演讲题目TVM：An automated deep learning compiler
摘要：Data, models, and computing are the three pillars that enable machine learning to solve real- world problems at scale. Making progress on these three domains requires not only disruptive algorithmic advances but also systems innovations that can continue to squeeze more efficiency out of modern hardware. Learning systems are in the center of every intelligent application nowadays. However, the ever-growing demand for applications and hardware specialization creates a huge engineering burden for these systems, most of which rely on heuristics or manual optimization. In this talk, I will present a new approach that uses machine learning to automate system optimizations. I will describe our approach in the context of deep learning deployment problems. I will first discuss how to design invariant representations that can lead to transferable statistical cost models, and apply these representations to optimize tensor programs used in deep learning applications. I will then describe the system improvements we made to enable diverse hardware backends. TVM, our end-to-end system, delivers performance across hardware back-ends that are competitive with state-of-the-art, hand-tuned deep learning frameworks.

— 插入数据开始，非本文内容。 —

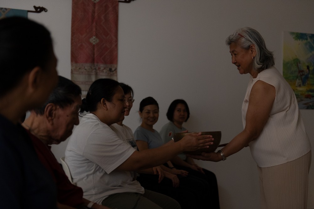 这次她亲身体验声音疗愈(sound healing)后,表示与平时听预录声音疗愈相比,现场振动频率带来截然不同的感受。“我觉得心情变得更平和,头部有种麻麻的感觉,好像在被轻柔按摩,很舒服。”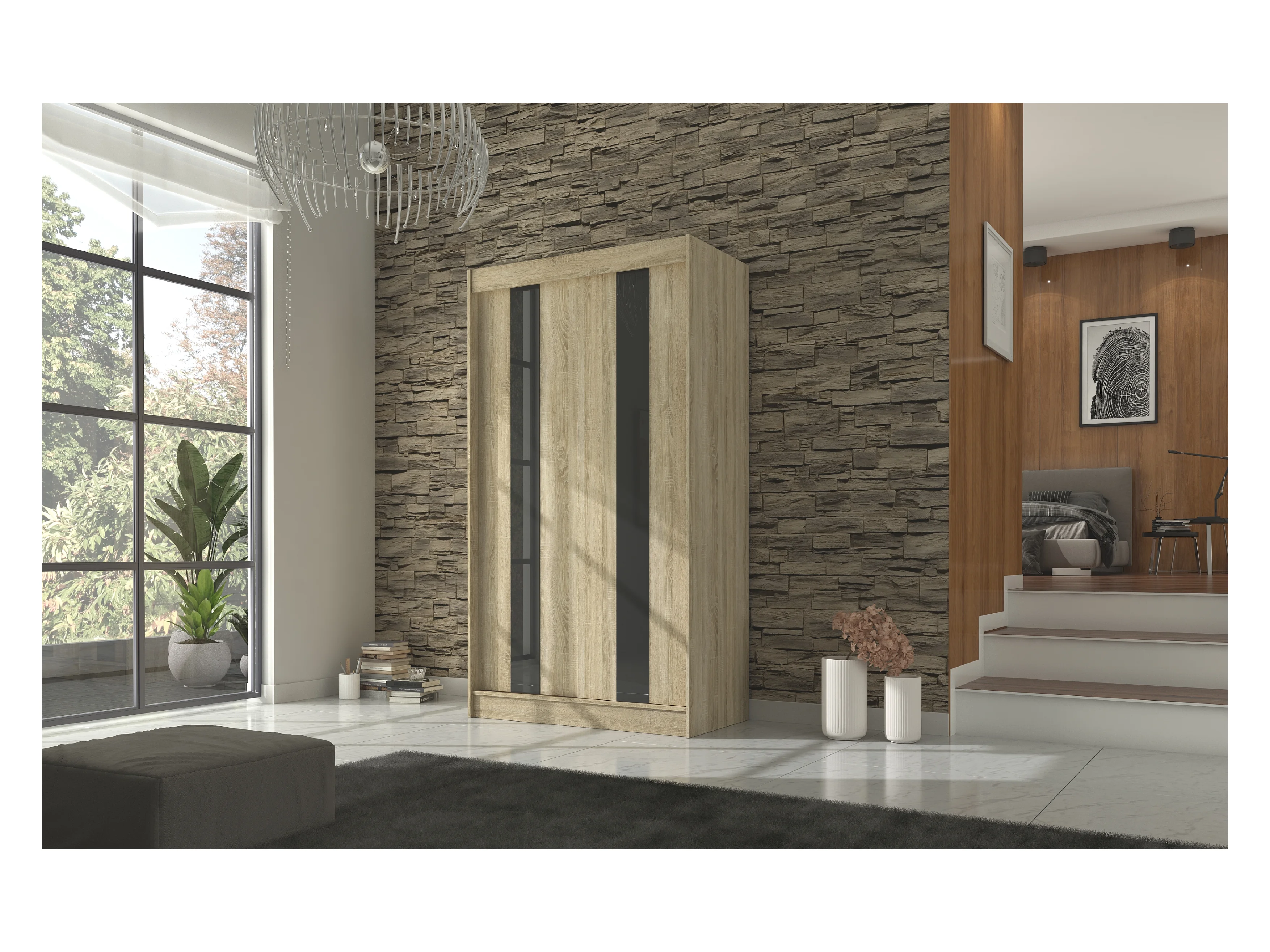 Armoire de chambre à portes coulissantes bois clair mat et noir laqué Karola - 3 tailles-Largeur 150 cm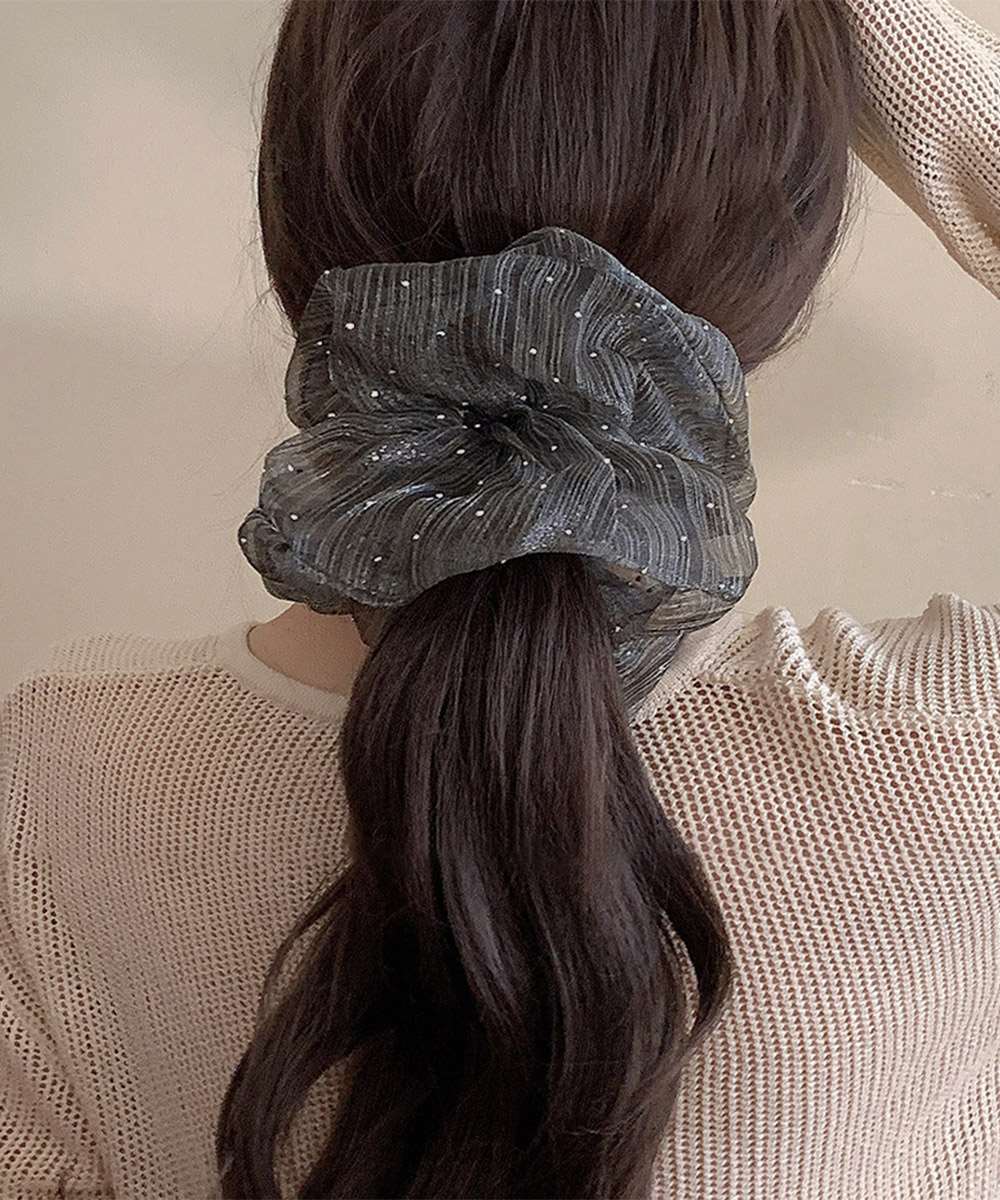 繊細なラメドットが散りばめられた、シアー素材のシュシュ。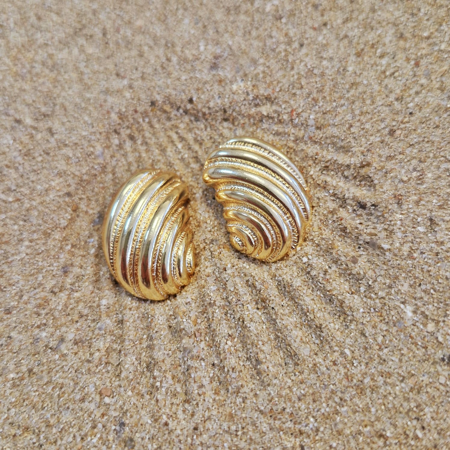 O Brinco Concha Médio Dourado equilibra presença e conforto em um design inspirado nas formas orgânicas do mar. Seu acabamento texturizado cria um jogo de luz sofisticado, enquanto o tamanho médio garante elegância com leveza no uso diário.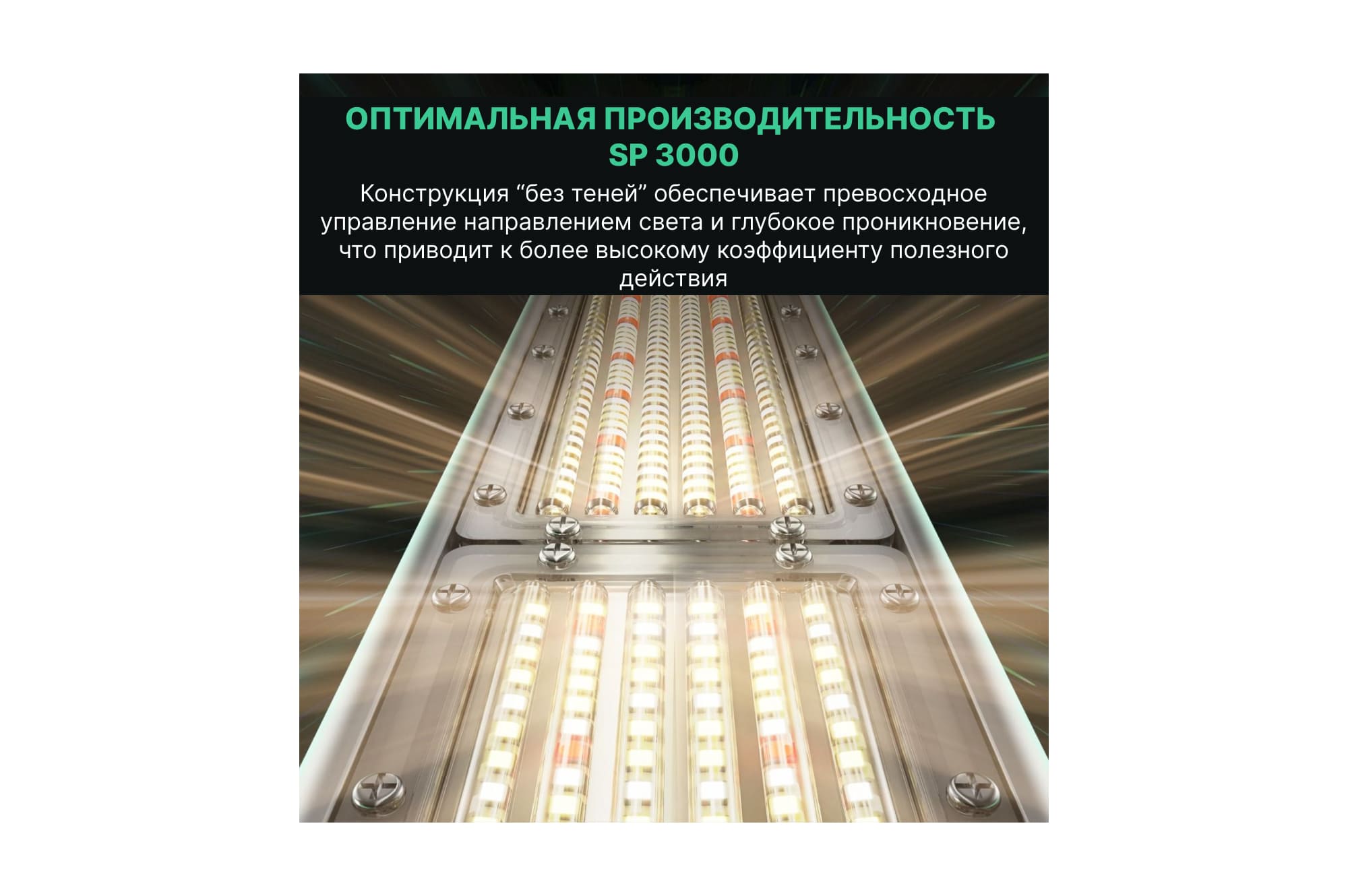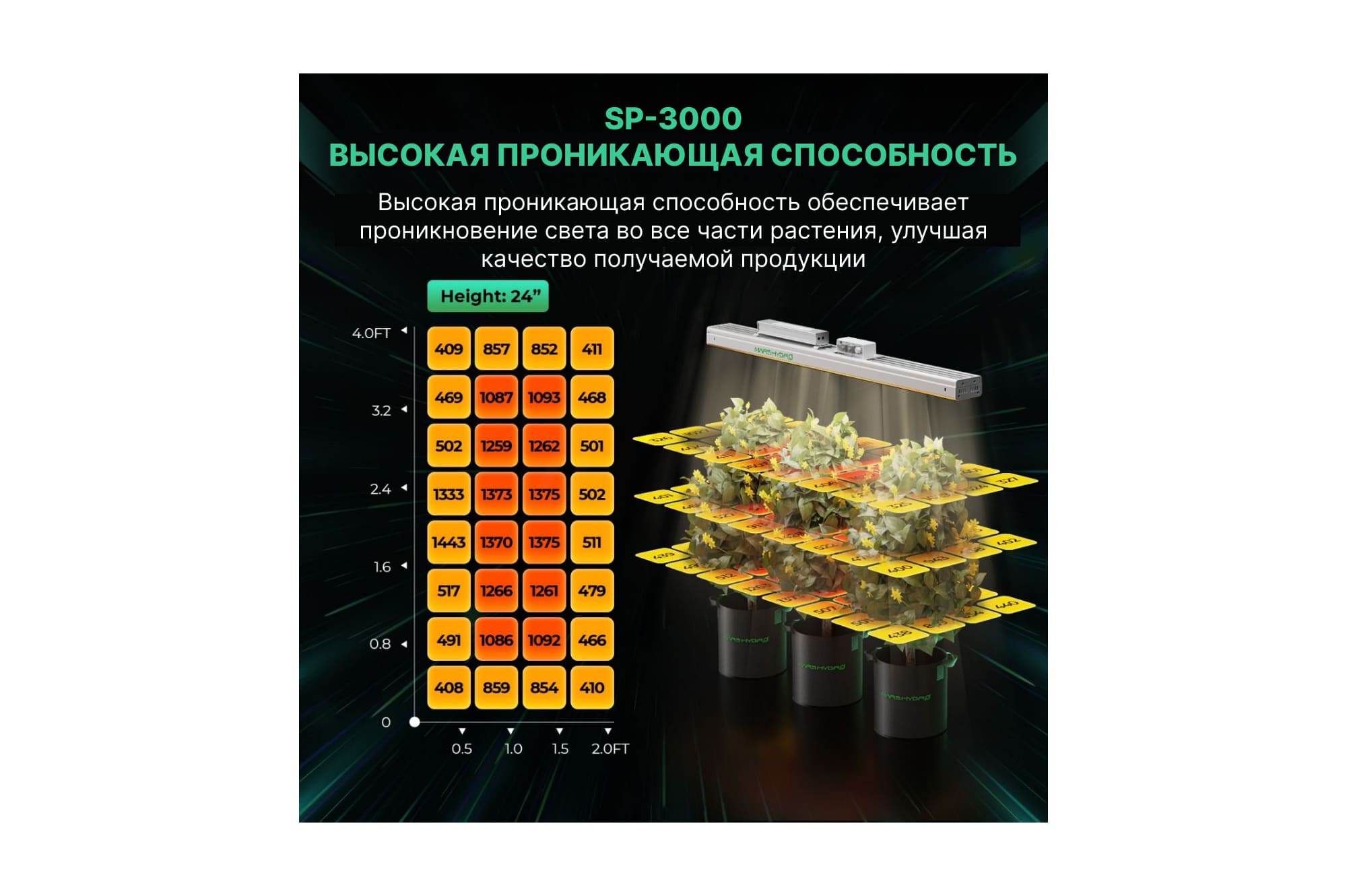 • способно глубоко проникать сквозь растительную массу и обеспечивать активный фотосинтез растениям при любой высоте и раскидистости вегетативной части.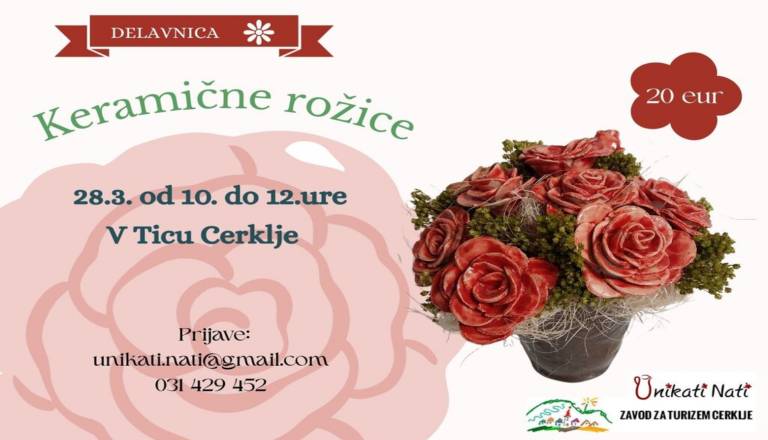 Vabljeni na sproščeno ustvarjalno delavnico, na kateri bomo iz bele valjane gline izdelovali nežne, unikatne obeske za velikonočne aranžmaje. Oblikovali bomo praznične motive, jih dopolnili z odtisi čipk in štampiljk ter izrezovali z modelčki v obliki pirhov, zajčkov in drugih živali. Izdelke bomo nato pobarvali in okrasili z engobami.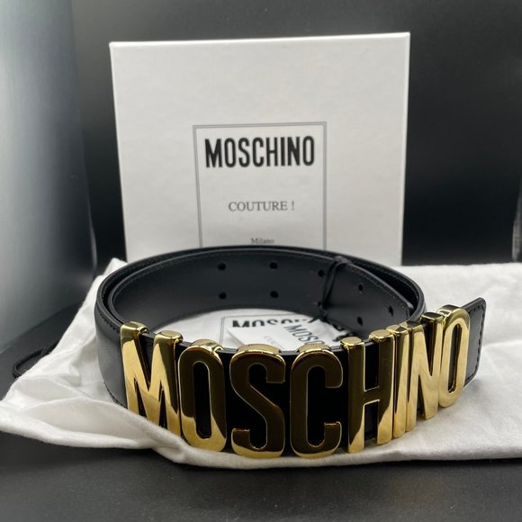 HOLIDAY SALE! NEW!!! Moschino Black Logo Gold Belt - 38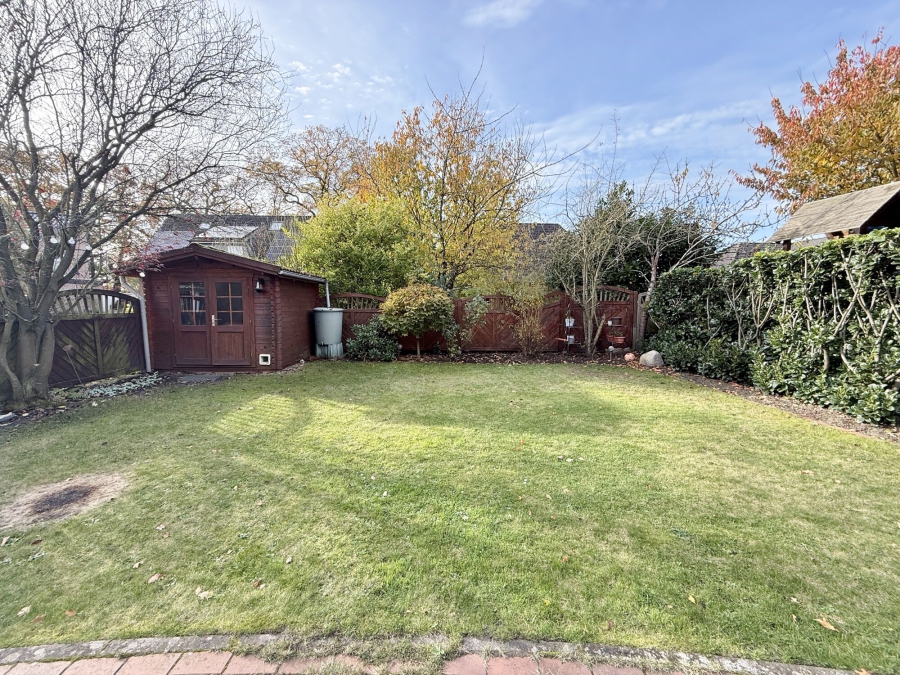 Die Terrasse bietet ausreichend Platz für entspannte Abende mit Familie und Freunden. An warmen Sommertagen sorgt eine elektrische Markise für angenehmen Schatten. Der Garten ist vollständig eingezäunt, pflegeleicht angelegt und durch Büsche und Sträucher rund ums Haus gut geschützt – ideal für Privatsphäre und spielende Kinder.
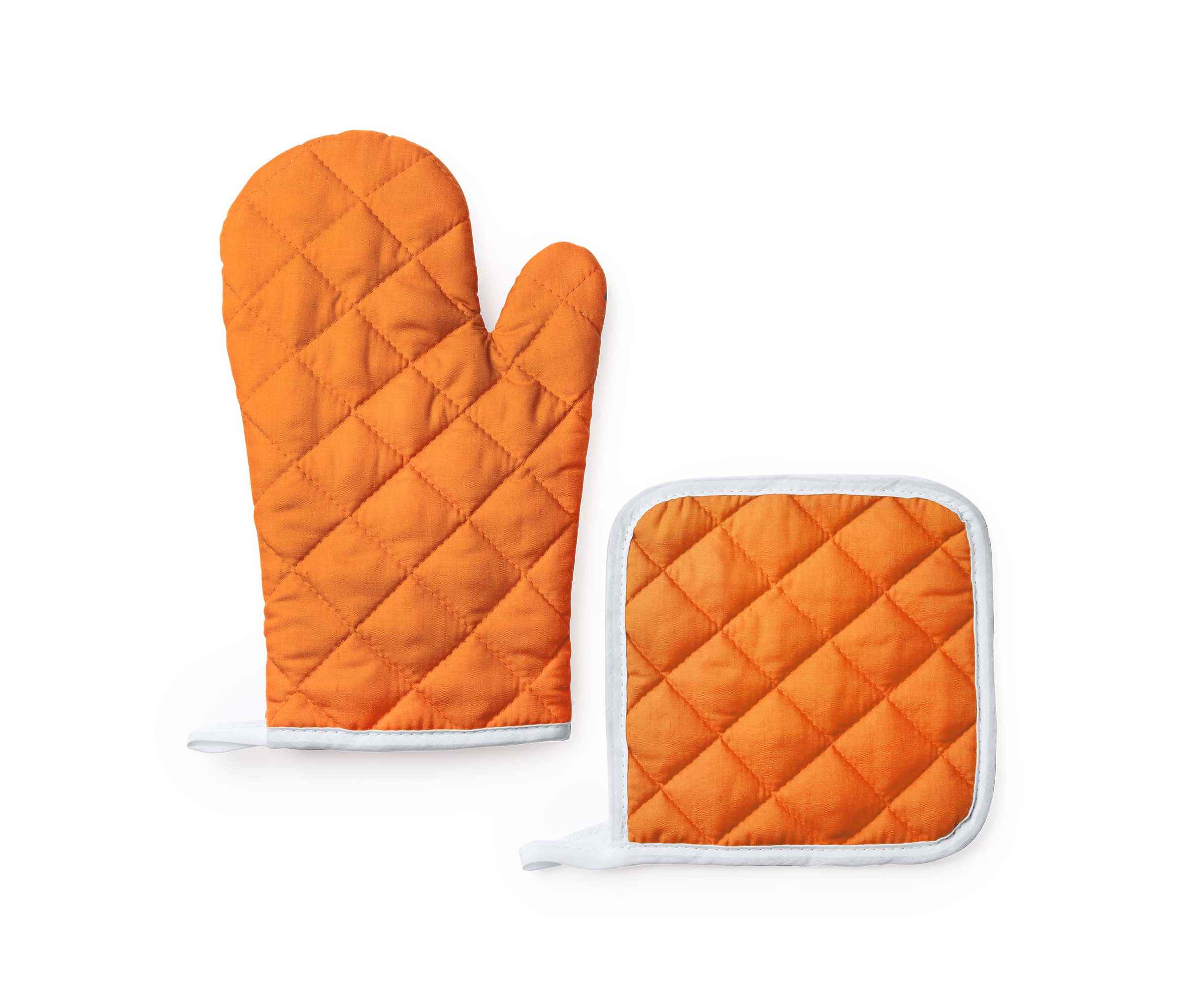 Кухонные рукавицы из 100% переработанного хлопка, с плоской стороной, идеально подходящей для маркировки, и ремнем для подвешивания.

Zhihao Jia is an incoming Assistant Professor of Computer Science at CMU (starting Fall 2021). He obtained his Ph.D. at Stanford working with Alex Aiken and Matei Zaharia. His research interests lie in the interp of computer systems and machine learning, with a focus on building efficient, scalable, and high-performance systems for ML computations.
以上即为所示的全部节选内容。